As Gallowglass says "This family was more fun when we had fewer medical degrees." Thank you Gallowglass, aka the one character I like, for pointing out the obvious. The characters zeal for scientifically researching the world of creatures and their problems, from studying blood rage to genomes to The Book of Life itself made me want to scream in frustration. I like the history, I don't like the science. Yes, in books that tackle supernatural beings we have to look at the world they now inhabit, the fact that DNA and genetics can uncover centuries old secrets, but do we need to do it in such detail? Let's all go to Yale and get a research grant and blah blah blah, blood rage, blah blah blah, babies, blah blah blah, what was I even talking about? Now I'm not saying science can't be interesting, but it's more interesting when it's real. When it's made up mumbo jumbo by an author that isn't that accomplished and has tons of plot holes and inconsistencies? No thanks.

But you know what's worse then science? Politics! I hate politics. I pay attention because it's what every good citizen should do. Also, I live in the epicenter of political evil right now, so, well, it's a main topic of conversation, as in, what stupid and illegal thing happened today? But do I want to read, watch, listen, osmose politics for fun? NO! Here we have ANOTHER book with an unnatural union being thwarted by a secret governing body that just doesn't get the world is changing. Again, Twilight much? Any urban fantasy author will tell Harkness that it's best to leave the overly political BS that governs your world off stage. Seriously, all those meetings in Venice where they were droning on and on about all the different species that Harkness has created I was more interested in the architecture. The boat rides to and from the meetings were more thrilling. How did she make Venice boring? Well, she made a lot of things boring and took a lot of pages to do it, so really, I shouldn't be that surprised.

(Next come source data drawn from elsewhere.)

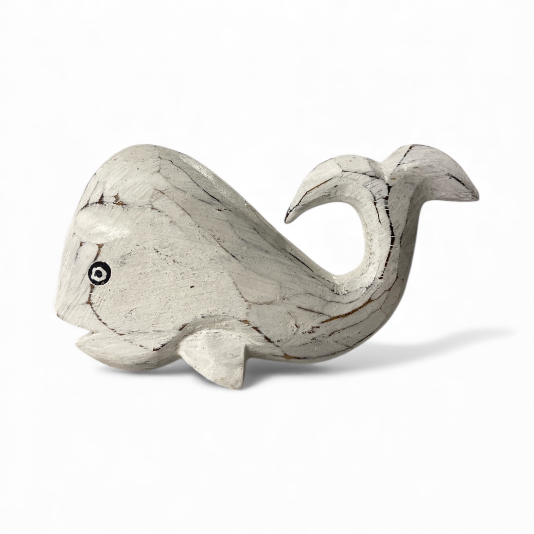 Deze middelgrote houten walvis “Moby Dick” in wit/naturel brengt een zachte, rustgevende sfeer in elke ruimte. Door het subtiele verweerde witte effect heeft het beeld een authentieke, beach house uitstraling die perfect aansluit bij maritieme en natuurlijke woonstijlen. Het formaat maakt het een ideale decoratie voor een dressoir, sfeertafel, badkamerrek of als onderdeel van een thematische interieurstyling.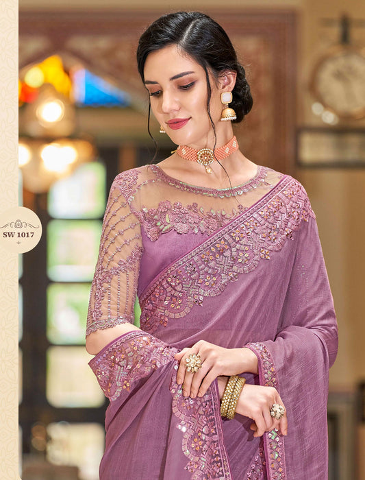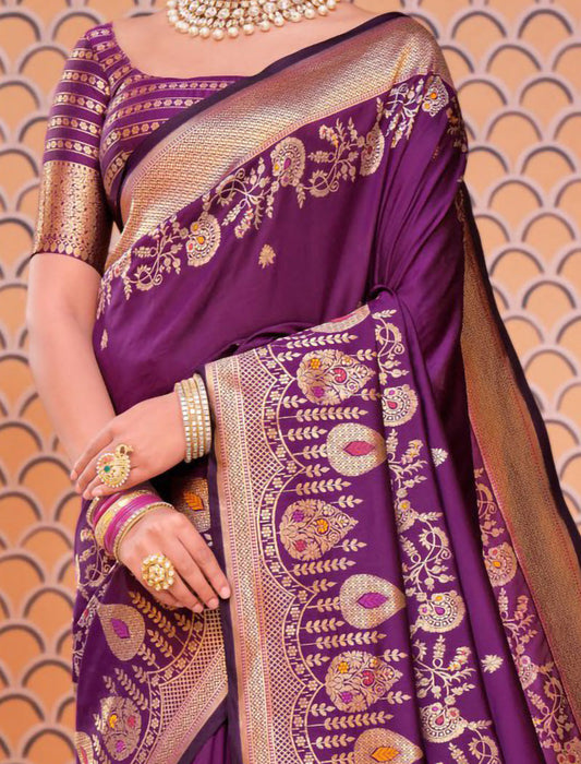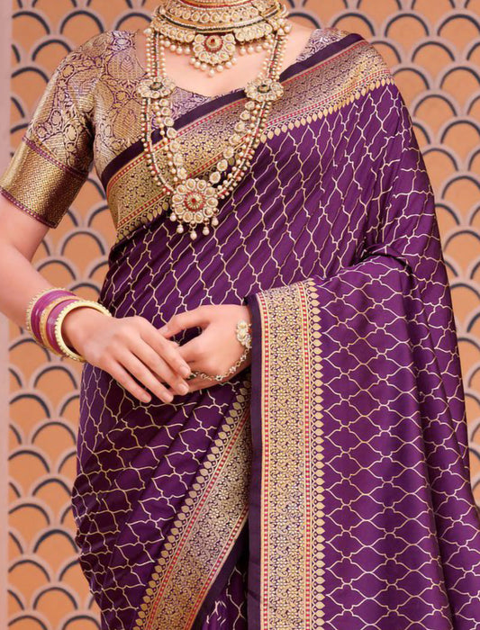 Purple Plitting Work Designer Weadding & Party Silk Saree For Women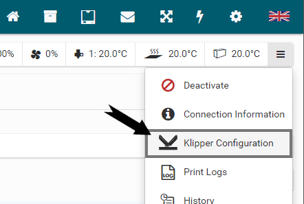 In this editor you can create and modify your Klipper configuration files. You can access this editor at any time by opening the printer context menu and clicking on Klipper Configuration.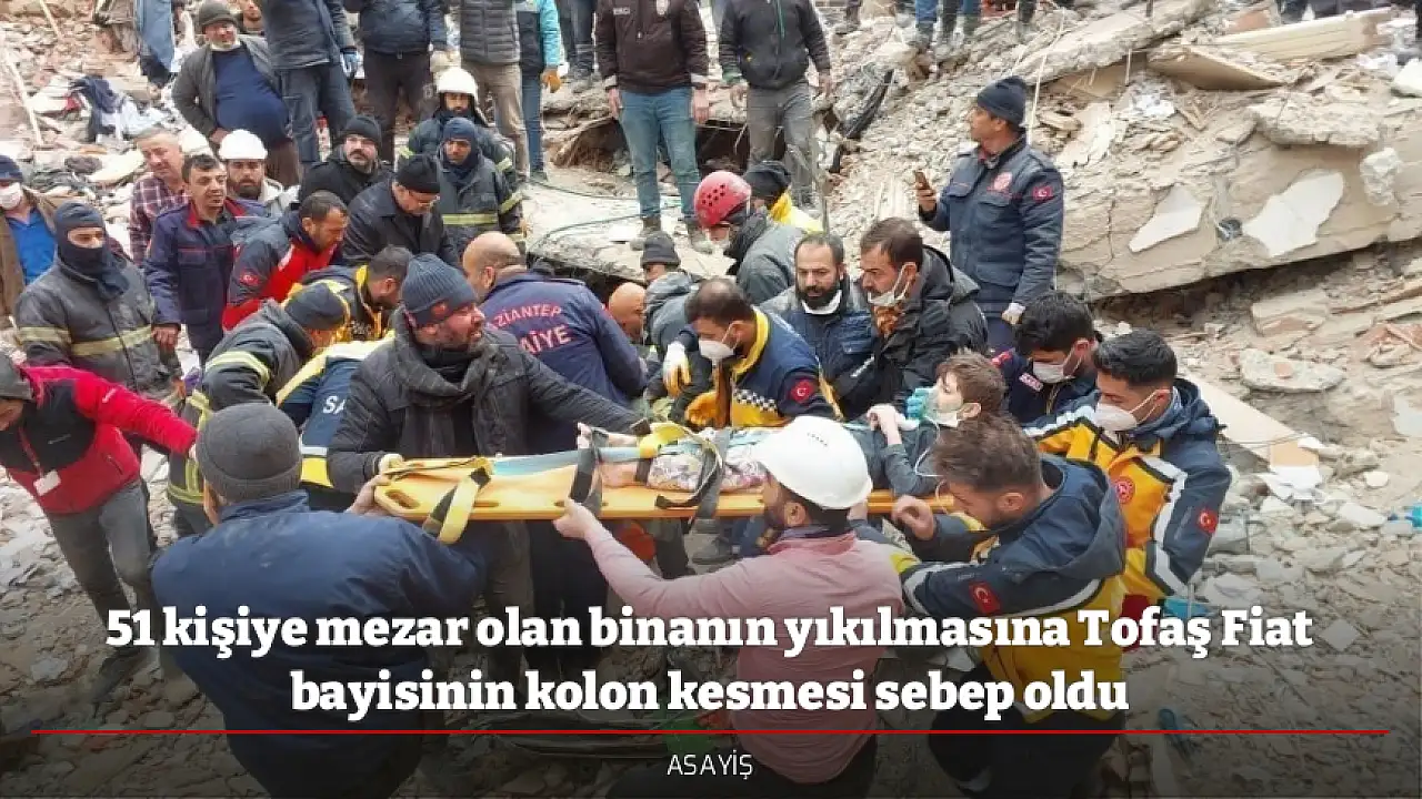 - 51 kişiye mezar olan binanın yıkılmasına Tofaş Fiat bayisinin kolon kesmesi sebep oldu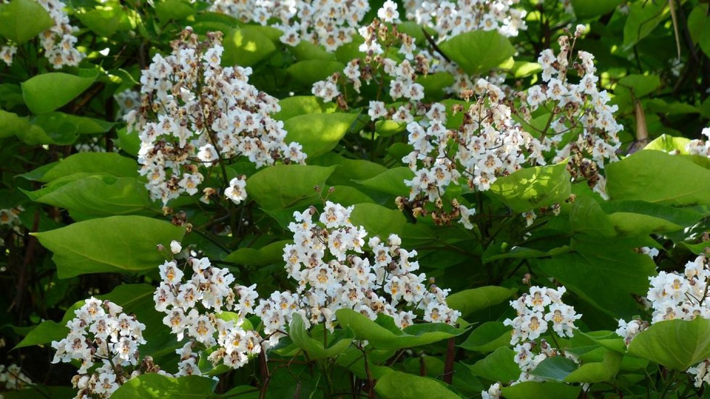 Cresce até aos 18 m. Ramos largos e abertos, retorcidos. Casca de cor laranja a castanho-rosada. Folhas grandes (15-30 cm), em forma de coração na base e pontiagudas no topo. Flores brancas com amarelo-púrpura. Frutos: vagens de 40 cm.

Writing this review is making me realize why it took me a month to read this book. ME, who usually devours a book in a few days no matter the length. OK, let's get this over with. So, what annoyance shall I conclude with? Oh, how about Diana! At the beginning of this series Diana was the conduit for the reader. She was fairly normal, aside from the whole being a witch thing. But over time as her relationship with Matthew deepened, she has become something other then human, something more. She now has arrows and firedrakes and weaving IN HER ARM! Yes, it's kind of cool, but there's also the fact that she is totally unrelatable now. She's a superhero, so we can look up to her, but the truth is, do people really truly ever relate to superheroes? They might want to be them, but relatability isn't part of that. Maybe my whole problem with this book and it's fans is that I can't relate at all and perhaps it's better if we just keep our distance.